Will Municipalized Utilities Actually Work Better?
Anger is brewing in Southeast Michigan over protracted utility outages from a recent storm. It’s not a new story– this seems to happen every year or two at this point. While DTE’s own reliability numbers from FERC suggest that the average customer is only without power for a few hours a year, these numbers are skewed by major storm events that knock out power for multiple days to thousands, if not tens of thousands, of customers. It’s sparked a discussion– again, not a new one, but one that comes up every time this happens- about the question of public power, which could involve a municipal or quasi-non-governmental agency taking control of local distribution or even generation infrastructure.

What’s A “Natural” Monopoly? And Why Won’t Deregulation Save Us?
Utilities are considered “natural monopolies” because they operate a lot of very capital-intensive, long-lived, specialized portfolios of assets to generate, transmit, and distribute power. The libertarian bro crying about how utilities need to be deregulated to make the market more competitive evidently has no idea how it would look to have ten sets of power lines running down your street instead of just one. In other words, there’s at least a logistical reason for why these monopolies exist.
But there is room for some quite pointed deregulation. One big problem is that many markets with a local distribution monopoly don’t have to have a generation monopoly. In other words, you pay a fixed rate to distribute each kilowatt hour of electricity to your crib, but you can select different providers of power– sometimes this is big utility companies generating the power, and sometimes it’ll be a 100% renewable power generator.
Michigan doesn’t have this. It’s not clear to me exactly why, beyond the corrupt relationship between DTE and the legislature, which is frequently discussed and never actually addressed.

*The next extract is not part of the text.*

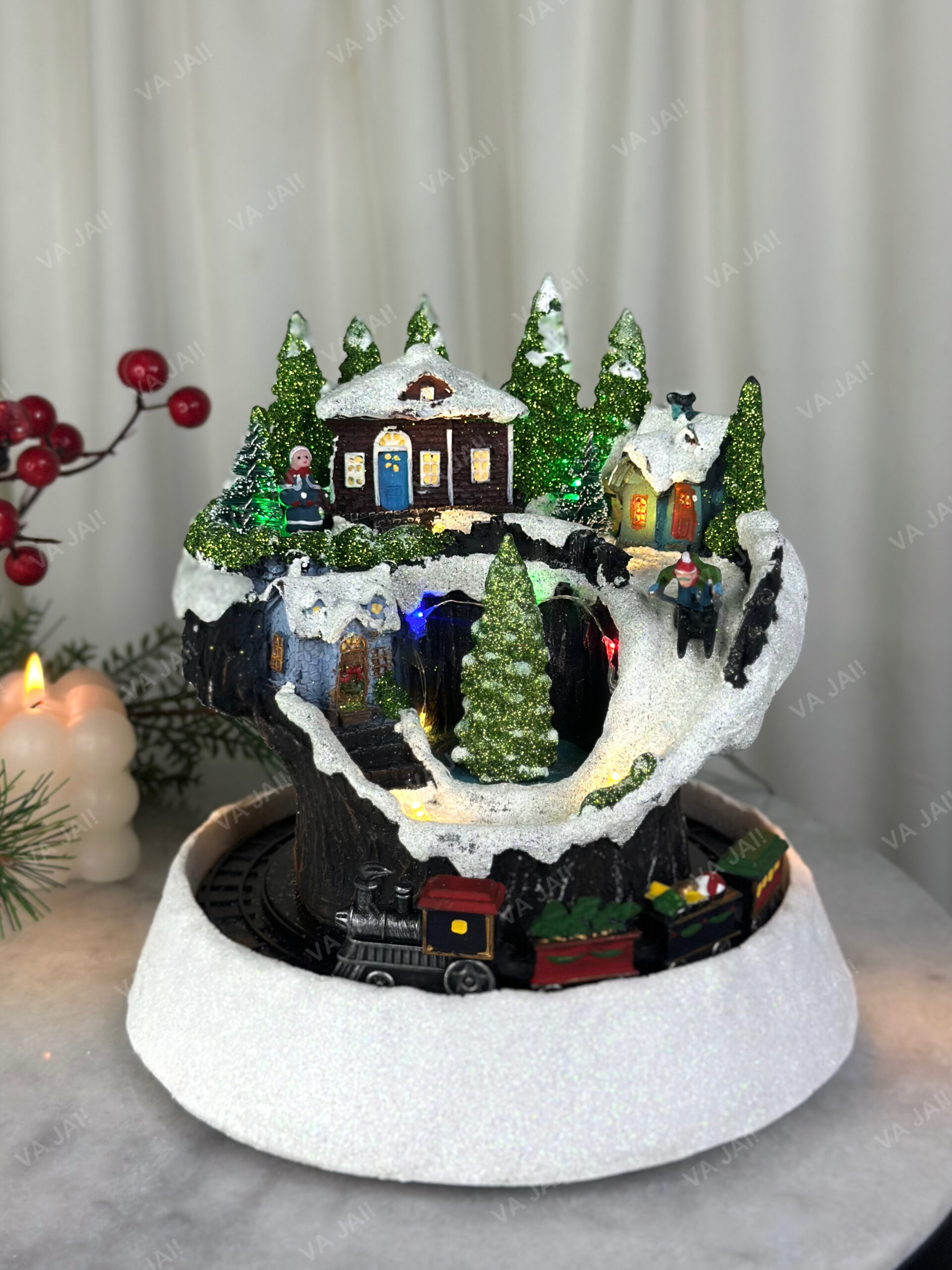 Kalėdinis miestelis „Halden“ – prabangi polirezino dekoracija su LED apšvietimu ir judančiu traukiniu. Stebuklingas akcentas jūsų šventiniam interjerui.
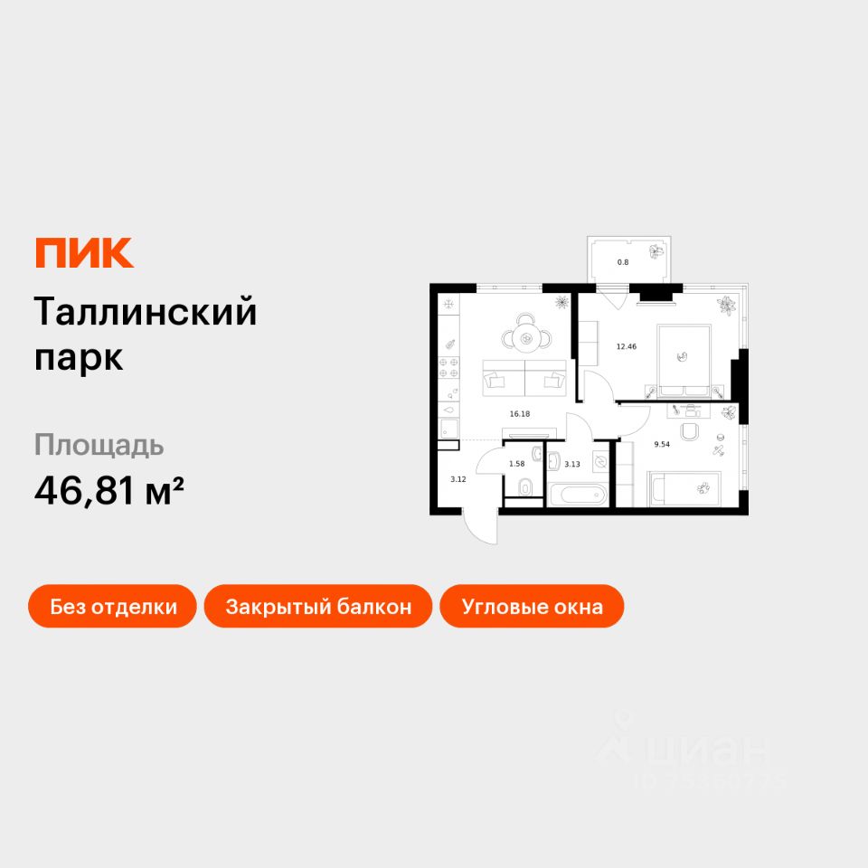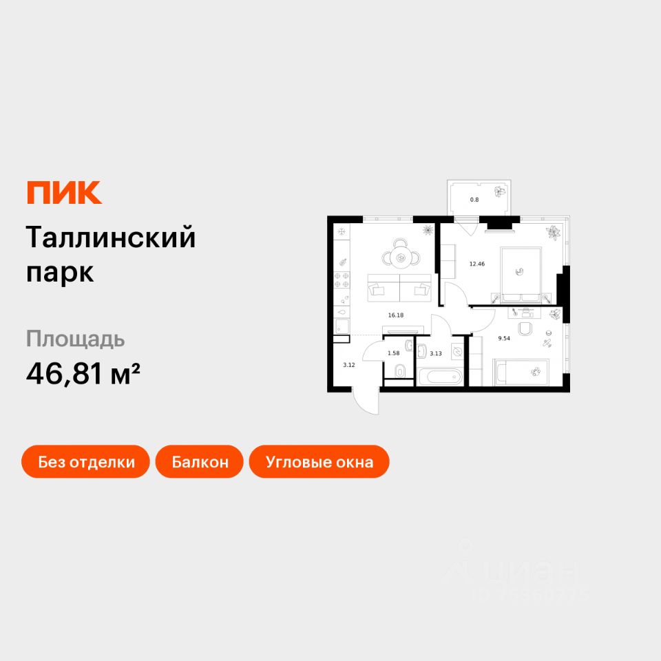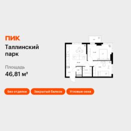 Продаётся 2-комн. квартира площадью 46,81 кв.м на 10 этаже 12 этажного дома (Корпус 4.2, Секция 1) проекта ПИК Таллинский парк. Светлый просторный подъезд на уровне земли, функциональная планировка, большие окна, без отделки.

Disparities: Where It Works Versus Not
We’ve been lucky in Southwest Detroit. My wife’s theory is that the grid is more resilient given the proximity to the higher density areas of downtown, Corktown, and the Ambassador Bridge customs plaza. It makes sense. We average maybe a couple of hours of outages per year. Is it less than the DTE service territory average? Yes. We’ve never– since 2018- had any multiple-day outages.
In some ways, we’ve been luckier in Lansing, where the Board of Water and Light administers our electricity, water, and sewer. Our rates are about 10% lower than DTE’s, but both are extremely expensive. How expensive?
I occasionally chat with BWL staff. They come across as well-meaning, under-resourced and a little disorganized, and ultimately not very helpful. One person told us about an exciting new program they had that would send an energy auditor out to complete a blower door test on our house, so we could figure out measures for an energy retrofit. It was funded through a Department of Energy grant.
I was ecstatic. Finally!
But when the auditor arrived, he said that, no, they don’t do blower door test. They don’t even have a blower door. He knew all about blower door testing and had all of the certifications. He was very helpful as far as talking about solutions for the house– but none of these solutions were ones that were offered by BWL.
This is a common problem with many of the publicly owned utilities in the United States. They lack the resources of giant corporations, and are often a bit more languid without the pressure to compete in the marketplace. This is a broad characterization to which I’m sure there are many exceptions. But BWL is stuck in the Michigan mindset of conservation and innovation being, well, not very important.
What It Might Look Like
The reality is that it’s extremely unlikely that anyone will ever be able to take over a public utility at a municipal level within my lifetime, in a society that can’t be bothered to fund healthcare but has no problem funding endless foreign wars over dumb shit.
The municipality, advocates propose, could simply amass a bunch of cash and stage a hostile takeover of the company.
I guess this is one approach.

Another is to forget about taking over the utility itself and work to displace a portion of its revenue stream by providing public resources to assist in the processes of decarbonization, energy conservation, IAQ improvements, water conservation, and more. This is one approach being explored by the new Ann Arbor Sustainable Energy Utility. And the DC Sustainable Energy Utility operates in a similar fashion– not as a public utility per se, but as a resource for retrofitting buildings and their systems affordably to reduce energy consumption and save money.
What Public Power Will More Likely Look Like
A legal, regulated monopoly doesn’t protect the utility from any and all potential threats to its business model. I’m not exactly an expert here, but as long as we’re avoiding violations of the Fifth Amendment’s takings clause, it seems that state and local governments– or non-governmental entities- would be well within their rights to start offering solutions to homeowners that would effectively reduce a utility’s revenue stream.
The crazy thing, though? What “they” don’t want you to know (as it were)? Is that the utilities could offer all of these things themselves, and for a fixed rate of return. A utility could contract out to private installers to do insulation retrofits. They could finance solar for a profit. They could do all of these things.
But DTE is run by a collective of unimaginative doofuses who are comfortable with their monopoly, and who also rest easy in the knowledge that nobody in Michigan is ever going to figure out a way to come at them.
You know. Unless.

Societal Priorities
It goes without saying that a lot of people complaining about this are not connecting the dots between the things we don’t spend money on at the local level, and things we do spend money on at the federal level.
For my entire life, things have been getting steadily worse for the working class, while things have been getting much better for the rich. We have perhaps the worst wealth inequality in our society ever. And we also are spending $100 billion on another stupid fucking foreign war.
How far could $100 billion go if we spent it locally?
Well, that’d cover buying a few DTEs. Reducing fossil fuel usage and improving reliability? Or, a bunch of profits for Lockheed Martin plus the climate change accelerating effects? Hmm. Tough tradeoff.